Quantum Illumination (Radar)

Enhancing target detection in noisy environments using entangled photons.
Quantum Illumination (Radar)

Quantum illumination (radar) enhances target detection in noisy environments using entangled photons (photons with quantum entanglement), where quantum radar uses entangled photon pairs—one sent out (transmitted toward a target), one kept back (retained for comparison)—to detect objects. Due to quantum correlations (the quantum entanglement between photons), it can distinguish the reflected signal from background noise much better than classical radar (providing better signal-to-noise ratio), even if the entanglement is broken on reflection (the entanglement doesn't need to survive the reflection), making it potentially useful for detecting weak signals in noisy environments. This has major implications for stealth detection (finding aircraft designed to avoid radar) and biomedical imaging (medical imaging using quantum effects), potentially enabling detection of targets that are difficult for classical radar to find.

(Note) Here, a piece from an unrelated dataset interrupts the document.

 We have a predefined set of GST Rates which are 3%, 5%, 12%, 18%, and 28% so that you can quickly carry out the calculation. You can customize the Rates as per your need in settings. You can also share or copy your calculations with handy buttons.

This innovation addresses the challenge of detecting targets in noisy environments, where classical radar struggles. By using quantum entanglement, these systems could provide better detection. Defense research labs are developing these systems.

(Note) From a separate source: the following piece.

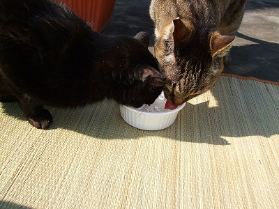 お水をいっしょに飲んでいるところです。あまりの暑さに凄い勢いでごくごく。。。

The technology is particularly significant for defense applications, where better radar could provide strategic advantages. As stealth technology improves, quantum radar becomes increasingly interesting. However, ensuring practical advantages, managing complexity, and achieving field deployment remain significant challenges. The technology represents an interesting research direction, but requires extensive development to prove practical advantages. Success could enable better radar detection, but the technology must prove it provides real advantages. Quantum illumination radar remains largely experimental, with practical advantages still being investigated.

TRL
3/9Conceptual
Impact
2/5
Investment
4/5
Category
Applications
Emerging real-world uses of quantum systems — things on the edge of feasibility.